I fish my coat out from the tub by a sleeve as the folded-up pamphlet from Gina hits the floor. I clutch the sink, steadying myself as I pick it up, seeing stars as blood rushes into my body and out of my head.

I unfold it and read.

The air is redolent with the smell of flowers. I’ve emptied both spray bottles of Ylang Ylang shower cleaner. The mattress is suffused with it. Couch, too. I lift sofa cushions and crop dust the springs. I darken all of Jeremy’s clothes with layered mists of the fragrance that makes him gag.

I hitch the box of records on my hip with my coat slung over it and a bag of books at my shoulder.

I lock the door and slide my key under. My regards to David Buxbaum. Regards to the management company that I couldn’t find online to fix the heat or the water, no matter how many monthly TexStar bank checks I dutifully sent to a P.O. box in Canastota, New York.

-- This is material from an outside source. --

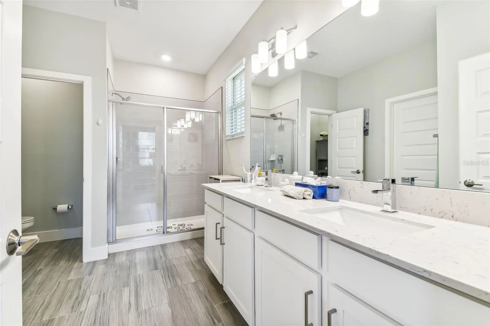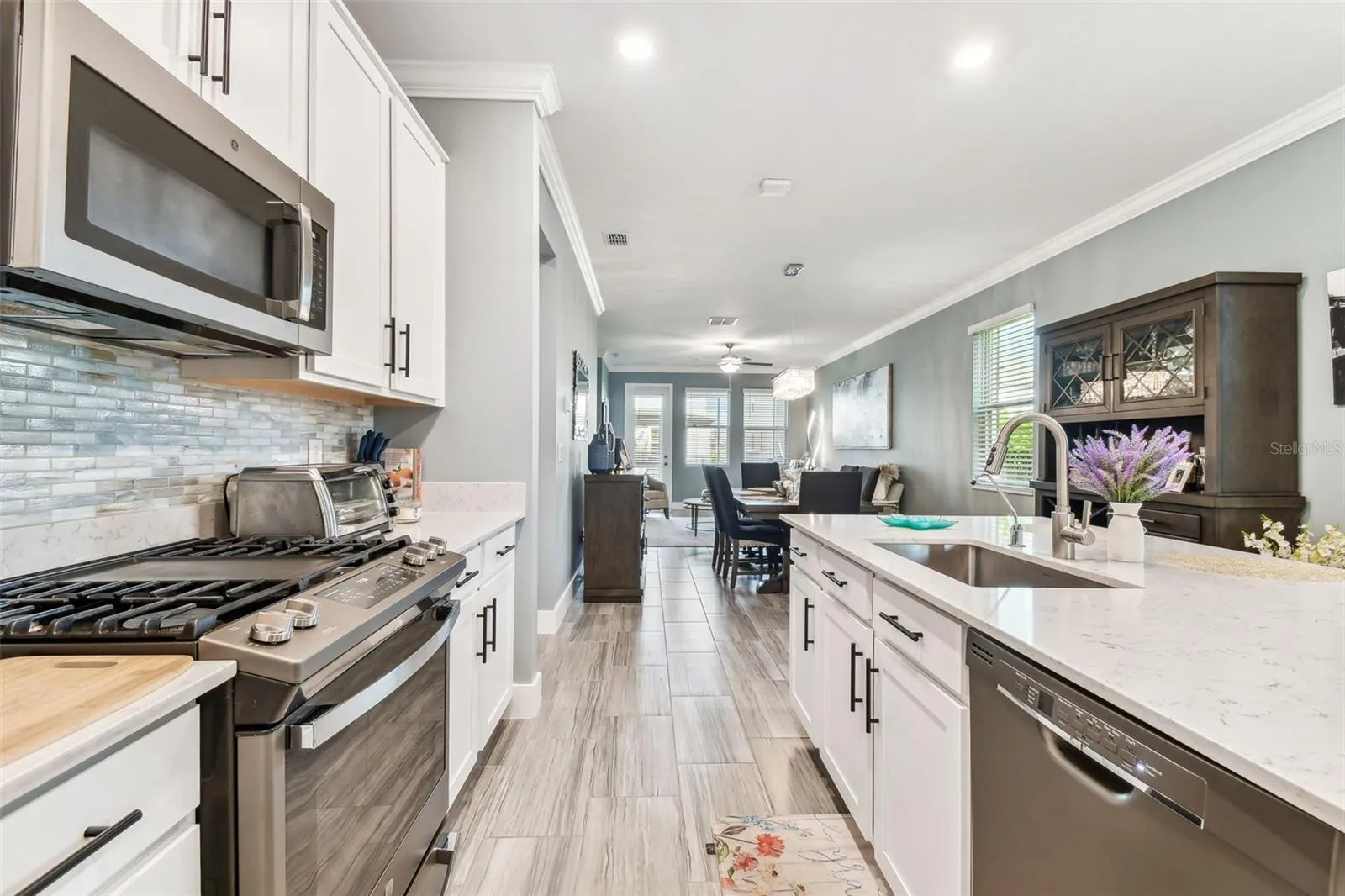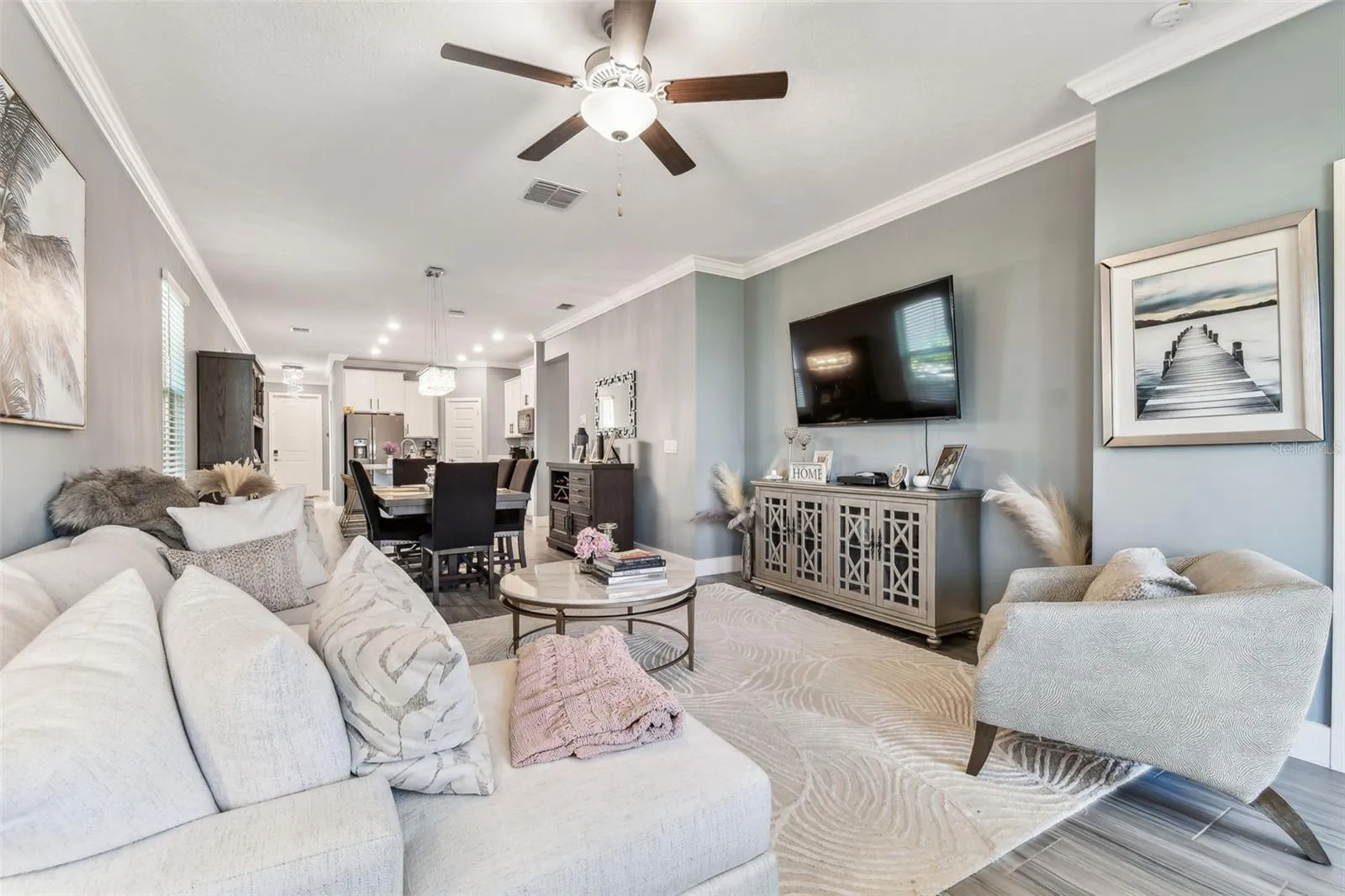 MOTIVATED SELLER, BRING ALL OFFERS! Here’s your opportunity to own a practically brand new home in the coveted Bexley community of Land O Lakes! Built in 2021, this 3 bedroom, 2 bathroom residence features modern coastal chic elements with beautiful wood look tile flooring, fresh paint, high ceilings, crown molding, decorative lighting and an open floor plan. A convenient mudroom as you enter from the garage and a long entrance hallway lead to the home’s gorgeous kitchen with a large center island, bar top seating, white shaker cabinets, quartz countertops, a new decorative high-gloss tile backsplash, stainless steel appliances, gas powered range and a walk-in pantry closet. Continuing on past the kitchen is an open dining area with a decorative chandelier, and a neighboring living room that provides access to the screen enclosed rear lanai and fenced backyard. Highlights of the primary bedroom include carpet flooring, crown molding, a walk-in closet and a huge ensuite bathroom with a private toilet room, large white shaker dual sink vanity and large standalone shower. This home is located in the Bexley community that offers residents and their guests 2 resort-style pools, a fitness center, open-air game room, multiple playgrounds, 7 unique parks, a dog park, and miles of multi-surface walking, jogging and biking trails with fitness stations throughout. The Hub at Bexley includes shopping and dining options, coworking spaces, gyms, an escape room coming soon and healthcare services. They thought of everything when they built this home and the lovely community it resides in. Property taxes include CDD. Don’t wait, come see it today!

I carry the box of Jeremy’s precious vinyl out to the curb. An offering to the New York City sanitation system should they have an interest.



* * *



I’m at June’s door. Again. With nowhere else to go. She’s on the couch watching TV in her pink bathrobe. My sister has a white Korean sheet mask on her face, head tilted awkwardly toward me so as not to drip. She looks like a Japanese Noh theater actor with pancake makeup. “Is it possible that I’m still drunk from last night?” she asks. Gilmore Girls plays in the background.